The gloomy sea of trees was behind me, the towering cliff (much too steep for me to climb) straight ahead. The mouth of the cave opened directly before me. I looked up at the sky a second time, then around at my surroundings. Nothing looked like a path. My next move had to be to enter the cave—there was no alternative. Before going in, I took several deep breaths, to brace myself. By moving forward, I would generate a new reality in accordance with the principle of connectivity. So the faceless man had said. I would navigate the interstice between presence and absence. I could only entrust myself to his words.

Warily, I stepped into the cave. Then it struck me—I had been here before. I knew this cave by sight. The air inside was familiar, too. Memories came flooding back. The wind cave on Mt. Fuji. The cave where our young uncle had taken Komichi and me during our summer break, back when we were kids.
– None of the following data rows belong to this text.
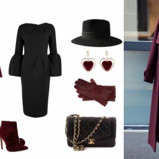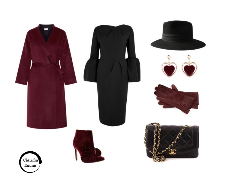 Il look di oggi è estremamente semplice ma al tempo stesso molto fashion. Inizia partendo da un semplicissimo tubino nero, che sicuramente avrai nell’armadio. Quello scelto da noi ha le maniche lunghe a sbuffo ed è firmato ROKSANDA ma qualsiasi altro tipo di tubino nero è adatto per l’outfit del giorno. Una volta indossato il black dress giusto il gioco è fatto! Abbina un caldo cappotto color burgundy. Perfetto il modello a vestaglia con cintura in vita, vero must have di stagione, come quello di PAUL & JOE scelto da noi. Aggiungi un tronchetto velvet burgundy, come quello super chic di Ted Baker London adesso in saldo ad 83 sterline. Borsa Chanel vintage, guantini burgundy in suade, cappello in stile retrò modello Audrey e orecchini burgundy, il gioco è fatto! Siete pronte per una nuova giornata di lavoro super glamour!
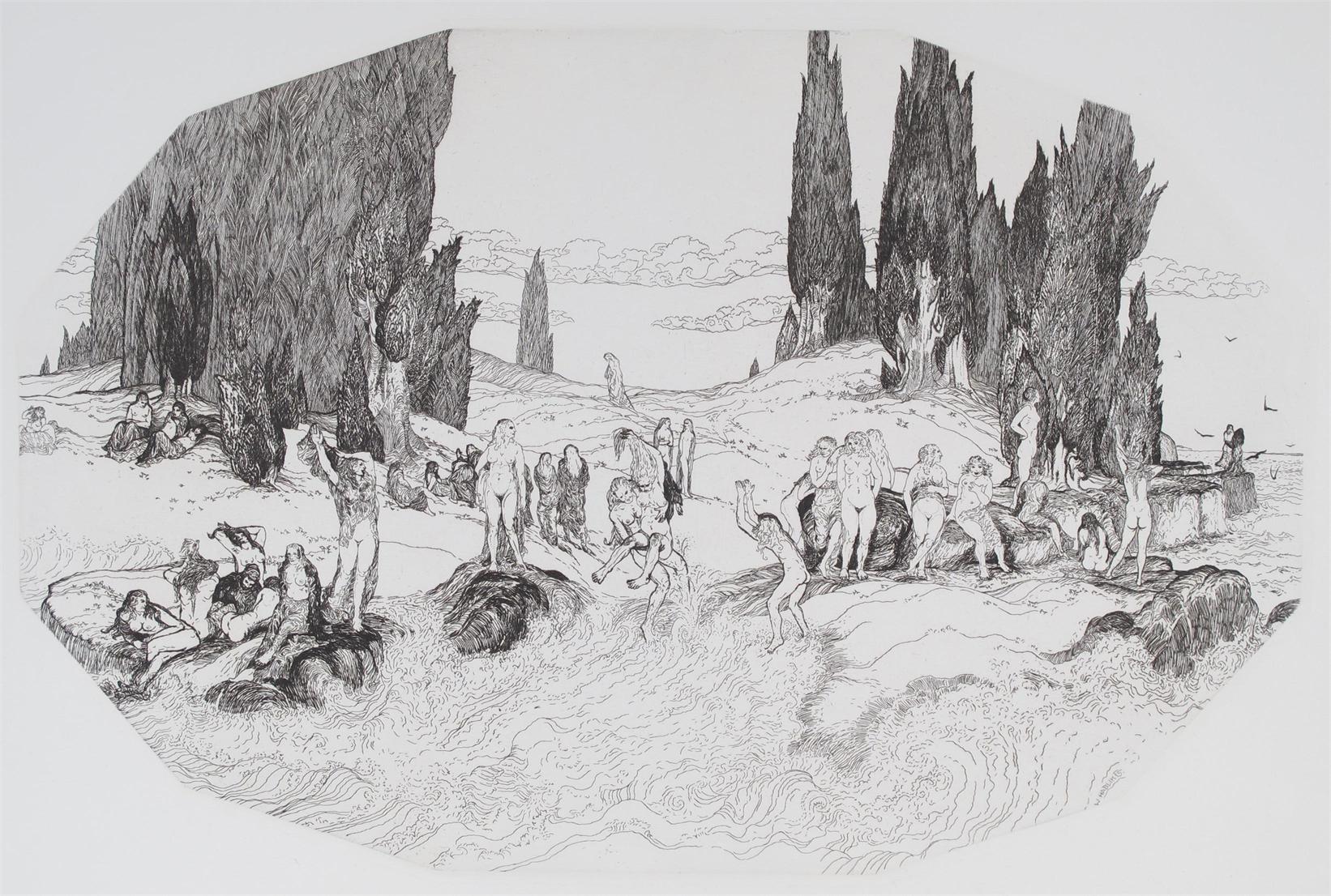 Wenzel August Hablik (German 1881-1934) Maidens in a landscape and six further etchings All...
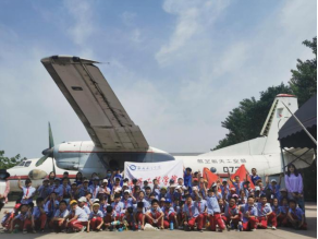 接着,志愿者们带领同学们来到停机坪,由飞行器学院讲解队同学向小朋友们逐一介绍停放的每一架飞机。“讲解员哥哥,我想请问一下我们可以摸一摸飞机吗,这是我第一次近距离接触我喜欢的飞机。”小朋友们在一架架飞机前显得十分兴奋。可是为了防止锈迹划手,志愿者们也一次次耐心地劝导小朋友们不要轻易触摸飞机。在安全有保障、秩序有维护的环境中,小朋友们在停机坪这一站可谓收获良多。
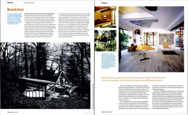 The Hexenhaus is typical of the Smithsons’ later work (Alison passed away in 1993, Peter in 2003) in that it featured a long-term relationship with the client, Axel Bruchhäuser, head of furniture company Tecta. Starting with Axel’s Porch in 1986 and ending with the Lantern Pavilion in 2001, the Smithsons turned a traditional house inside out, through a series of deft touches and delicately realized additions. These pierced the original four walls with a sequence of pavilions, footbridges, annexes, and even a watchtower poised on spindly legs, all linked by walkways connecting interior and exterior and the different levels of the hillside setting and wooded landscape.
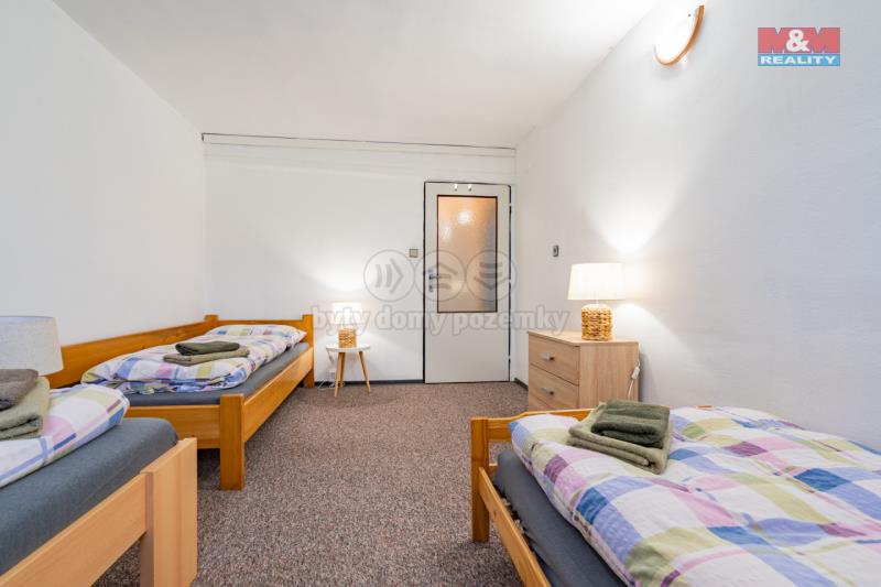 Prostorný rodinný dům se zahradou na prodej v obci Srnín, pouhých 5 km od Českého Krumlova a 24 km od Českých Budějovic. Dům má tři podlaží – v přízemí se nachází garáž, vstupní chodba a samostatný byt 2+1, který je nyní využíván k pronájmu (ubytování v soukromí). Hlavní bytová jednotka 4+1 je ve druhém podlaží a nabízí přímý vstup z obývacího pokoje na terasu a zahradu. V podkroví jsou další tři pokoje, z toho dva mají vlastní lodžii. Vytápění je řešeno kotlem na tuhá paliva nebo plynovým kotlem, dům je napojen na obecní vodu i kanalizaci. Na pozemku se nachází zahradní domek, bazén a dostatek prostoru pro odpočinek. Ideální volba pro rodinné bydlení nebo kombinaci s podnikáním. Pro více informací nás neváhejte kontaktovat.
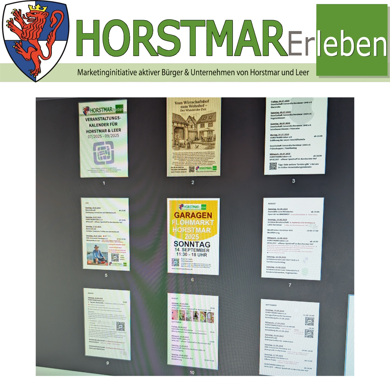 Ein aktuelles Beispiel: Auf dem Bildschirm in unserem Büro sind gerade die Druckdaten für den neuen Veranstaltungskalender zu sehen – ein Projekt, das bei uns seit Anfang des Jahres regelmäßig in liebevoller Detailarbeit entsteht. Der Kalender bietet einen Überblick über die zahlreichen Termine unserer Mitgliedsvereine und Unternehmen in Horstmar – von Konzerten und Märkten über Vorträge bis hin zu Aktionstagen.

She had slipped into a narrow side tunnel and disappeared for a long while. I had been scared to death that she was gone for good. Had she been sucked into an underground maze for all eternity?

Eternity is a very long time, the faceless man had said.

I walked slowly through the cave toward the yellow light, deadening my footsteps and trying to quiet my pounding heart. I rounded a corner, and there it was: the source of the light. An old lantern with a black metal rim, the sort that coal miners once carried, hanging on a thick nail driven into the stone wall. A fat candle burned inside the lantern.

Lantern, I thought. The word had come up not long before. It was part of the name of the anti-Nazi underground student organization that Tomohiko Amada was presumed to have joined. Things seemed to be converging.

A woman was standing beneath the lantern. I didn’t see her at first because she was so tiny. Less than two feet tall. Her black hair was coiled atop her head in a neat bun, and she wore a white gown from some ancient time. Its elegance was apparent at a glance. Another character lifted from Killing Commendatore. The beautiful maiden who looks on in horror, her hand over her mouth, as the Commendatore is slain. In Mozart’s Don Giovanni, she is Donna Anna. The daughter of the Commendatore.

Magnified by the light of the lantern, her sharp black shadow trembled on the wall of the cave.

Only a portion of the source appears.